By David Limbaugh
Friday, April 20, 2007
Justice Ruth Bader Ginsburg's dissenting opinion in Gonzales v. Carhart illustrates the moral depths and quagmires of irrationality to which the political and cultural left in this country have descended.
In Carhart, the United States Supreme Court upheld the Partial-Birth Abortion Ban Act of 2003, a limited congressional ban on partial-birth abortion that was shot down by lower federal courts.
What stands out in Ginsburg's opinion is not her condemnatory legal critique of the majority opinion, but her philosophical/political assertions. While she pays lip service to the supposedly conflicting interests of the government in "safeguarding a woman's health" versus "preserving and promoting fetal life," it is clear that neither of those hold a candle to her interest in promoting "a woman's autonomy to determine her life's course, and thus to enjoy equal citizenship stature."
Much of Ginsburg's opinion reads like a feminist manifesto straight from the National Organization for Women. One gets the sense that she believes what is really at stake in the abortion debate is not the vindication of "some generalized notion of privacy." No, this is purely and simply a power struggle on behalf of women pursuing their presumably unrealized quest for complete equality.
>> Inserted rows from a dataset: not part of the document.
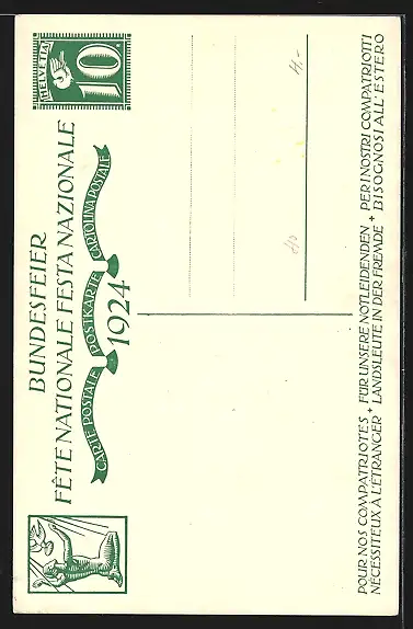 Künstler-AK Schweizer Bundesfeier 1924, Mutter mit Kindern am Fenster sitzend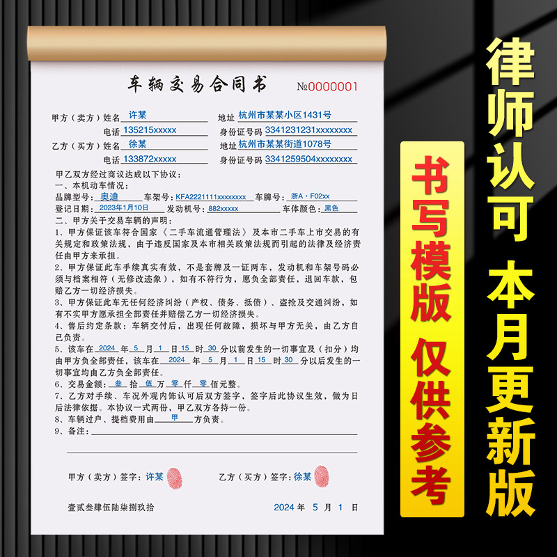 【车商免责】车辆交易合同二联车辆转让单购车收购意向书汽车销售清单个人买车卖车单据机动车二手车买卖协议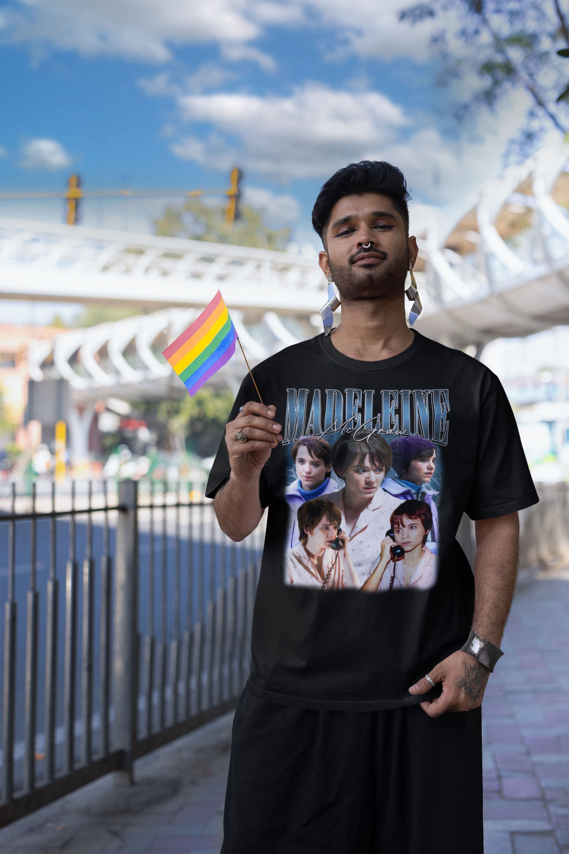 This striking black tee features a vintage-inspired collage of actress Madeleine McGraw, showcasing her memorable looks and intense expressions from acclaimed horror films. Perfect for fans who admire her captivating performances and want to wear their fandom boldly.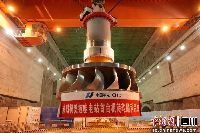 中新網(wǎng)四川新聞3月2日電。ㄎ喝f德 蘇婷)3月1日,世界在建同類型最高面板堆石壩電站——華電金上拉哇水電站首臺(4號)機(jī)組轉(zhuǎn)輪吊裝順利完成,標(biāo)志著首臺機(jī)組總裝建設(shè)進(jìn)入加速攻堅階段,為年底實現(xiàn)首批機(jī)組具備投產(chǎn)發(fā)電條件奠定堅實基礎(chǔ)。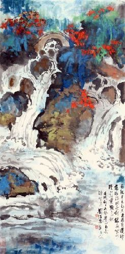 刘海粟的作品往往给人以天马行空的感觉,夸张的用色以及笔墨让人过目不忘。而远观又极其生动极具层次感,正是这种开拓的创作精神,独特的艺术形式,以及生动的作品内容使之成为了近现代中国美术史中不可或缺的艺术大师。刘海粟一生最爱黄山,一生最重要的作品也多以黄山为题材,可以说黄山是海粟艺术的源泉,海粟给黄山增添了艺术内涵。从1918年第一次跋涉黄山到1988年第十次登临黄岳,跨度达70年之久,几乎包括了刘海粟一生的艺术实践活动。单就70年来十上黄山的壮举,就破了历代画家的登临纪录。而他以黄山为题材创作的作品,包括速写、素描、油画、国画,总量蔚为壮观。他在十次登临中体现出来的不断攀援、不断超越的品格精神,更可令人敬佩,引作启迪。1982年刘海粟九上黄山,创作了大量的国画作品,艺术上进一步提升,可谓"渐老渐熟,愈老愈熟"。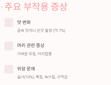 금속 맛 같은 부작용이 생길 수 있습니다.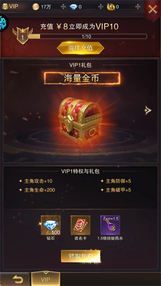 可先领取礼包获取钻石、经验药水等资源,充值8元即可秒升V10。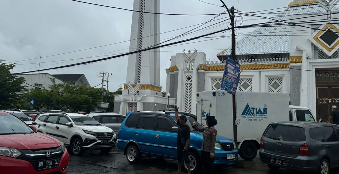 Selain itu, mereka juga melaksanakan pengaturan lalulintas dan memberikan imbauan kepada masyarakat agar tetap waspada terhadap tindakan kriminalitas dan selalu menjaga barang berharga saat beribadah.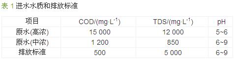 該工程設(shè)計(jì)處理能力為320 t/d,其中生產(chǎn)廢水約為80 t/d,車間沖洗水、生活污水 約為240 t/d,其水質(zhì)如表 1所示。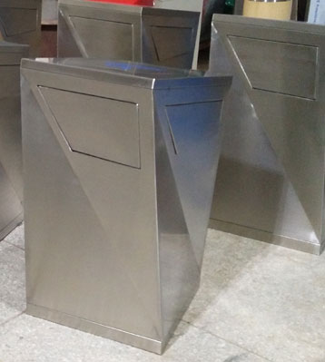 樓盤不銹鋼多面造型垃圾桶批量生產(chǎn)圖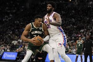 字母哥生涯至今场均砍下23.9分9.9篮板5.0助攻;恩比德生涯至今场均27.7分11.0篮板4.5助攻;东契奇生涯至今场均28.6分8.6篮板8.2助攻。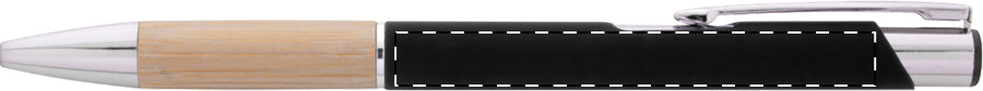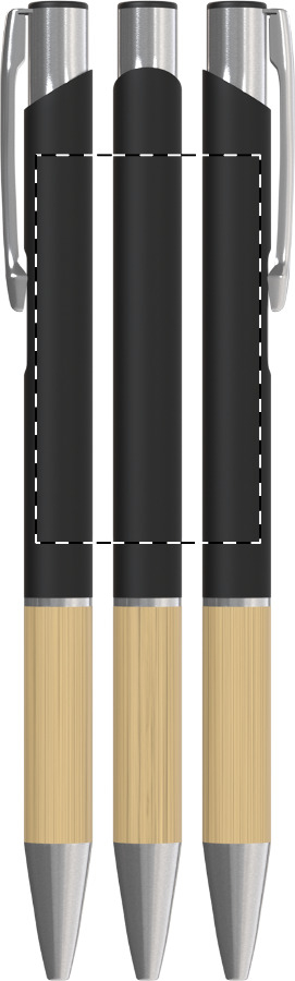 Decentní černé hliníkové pero s pogumovaným povrchem Soft-Touch a hřejivým bambusovým úchopem působí profesionálně a elegantně. Modrá náplň poskytuje hladkou stopu při psaní, zatímco speciální vrstva pod povrchem čeká na zrcadlové laserové gravírování.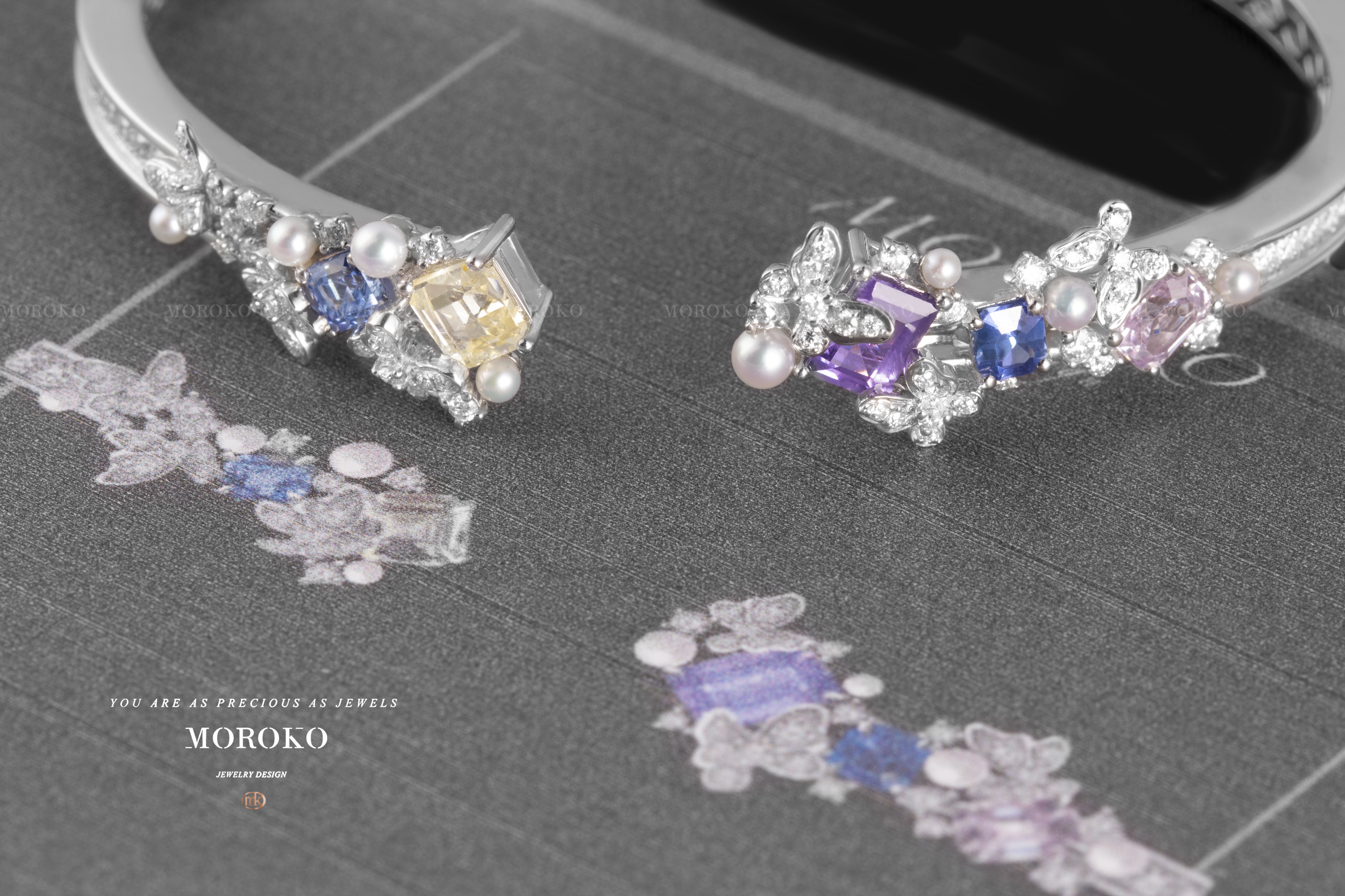 随手将蓝宝石撒在桌子上,色调的丰盈,便激发出设计灵感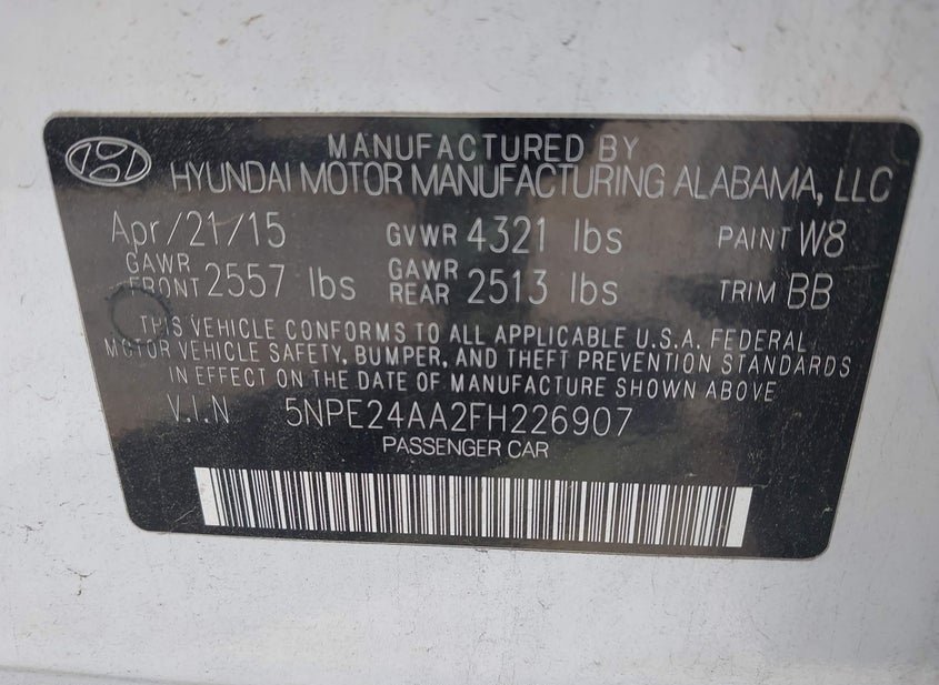 - VIN: 5NPE24AA2FH226907

Ginsburg and those of like mind obviously regard any restrictions on abortion as threatening to women. Such restrictions, in their view, proceed from a regressive mindset "when women were 'regarded as the center of home and family life, with attendant special responsibilities that precluded full and independent legal status under the Constitution.'"
That mindset is "'no longer consistent with our understanding of the family, the individual, or the Constitution.' Women, it is now acknowledged, have the talent, capacity and right to participate equally in the economic and social life of the Nation.'" In other words, a woman's right to kill a baby in her womb is essential to her being a complete woman, or, to paraphrase Ginsburg, it is central to her life.
Apparently, women's progress in this struggle is so fragile that an open acknowledgment of the unborn's humanity must not even be permitted because it might somehow reverse their gains. No, we can't allow little details like the life of the unborn to encroach on "the destiny of the woman [to] be shaped on her own conception of her spiritual imperatives and her place in society."
So extreme and inflexible is the Ginsburg position on a woman's right to control her own destiny that she writes, "the notion that the Partial-Birth Abortion Ban Act furthers any legitimate governmental interest is, quite simply, irrational."
Oh? So it is irrational to contend that the government has a legitimate interest in protecting the life of an unborn human being? Talk about the language (and logic) being turned inside out!
Nevertheless, under the Ginsburg worldview, the right to life of the unborn appears completely subordinated to the interest of women in having complete autonomy over their "reproductive decisions."
One has to scratch one's head to think of any other liberty that is so absolute that it permits no restrictions. We don't think that way regarding other liberties.
For example, would anyone seriously argue that my right to swing my fist entitles me to commit battery on another person? Does our right to sexual liberty entitle us to rape? Why do the radical pro-abortionists regard any restriction on abortion, which doesn't just harm another person, but kills him or her, an impermissible encroachment on a woman's liberty?
The only way it is logically possible to couch the abortion debate in terms of a woman's right to her own autonomy is if we accept the premise that the second party in the equation, the unborn, is not a party at all, but a meaningless mass of tissue bereft of human dignity. Sadly for the pro-aborts, it is increasingly clear from any perspective we choose to examine it: scientific, spiritual or otherwise, that the unborn is a human life. If the pro-aborts were not aware of the humanness of the unborn, they wouldn't grudgingly pretend to strive to make abortion "safe, legal and rare." There is no moral imperative to protect a human-less mass of tissue.
If anyone believes I am overstating Ginsburg's extremism, just remember the context. She writes in defense of that most abominable of procedures, "partial-birth abortion."
Can you conceivably wrap your arms around the perverted concept that a woman can't be a real woman unless she has the complete autonomy to direct a doctor to partially deliver her baby for the purpose of killing it? My purpose isn't to offend here, but, truly, I just don't get it.